Describe training system users receive (above and beyond general security and privacy awareness training)

N/A - There is no training specific for DSRS.

Do contracts include Federal Acquisition Regulation and other appropriate clauses ensuring adherence to privacy provisions and practices?

Yes

Describe the process and guidelines in place with regard to the retention and destruction of PII. Cite specific records retention schedules.

Records will be maintained until they become inactive, at which time they will be retired or destroyed, which is ten years.  These procedures are in accordance with published records schedules DAA-0440-2015-0006-0001 of the Centers for Medicare & Medicaid Services as approved by the National Archives and Records Administration General Records Schedule 3.2 (GRS 3.2) for electronic records.

Describe, briefly but with specificity, how the PII will be secured in the system using administrative, technical, and physical controls.

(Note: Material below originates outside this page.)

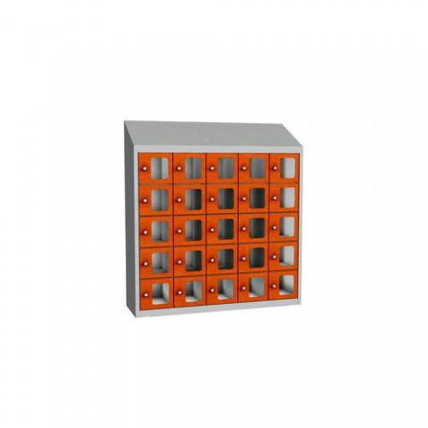 Svařované boxové skříně s malými schránkami s průzorem z plexiskla na osobní věci nebo ke skladování svačin a obědů. Jednotlivé schránky jsou samostatně uzamykatelné visacím zámkem. Možnost umístění štítku se jménem nebo osobním číslem. Opatřeny horním šikmým nástavcem, otevírání dvířek až do úhlu 110°. Upevnění na zeď, vytvoření větších bloků spojením více skříní dohromady. Rozměry průzoru v x š - 117 x 95 mm.Svařované skříně na osobní věci Olaf s průhlednými dvířky, 25 boxů, otočný uzávěr

Administrative controls such as written policy, procedures and guidelines have been established. System users are required to take annual Security and Privacy awareness training. Third-party assessments are done to validate the implementation of the system controls that have been implemented to prevent unauthorized access, to safeguard the data in the event of a disaster, and to audit activity within the application.
The technical controls in place are firewalls and encryption to prevent unauthorized access. Other technical controls include security scans, penetration testing, intrusion detection and prevention systems (IDS/IPS) and computer system controls that prevent users without administrative or developer access to log into a test environment and the test environment and usable application are not joined together.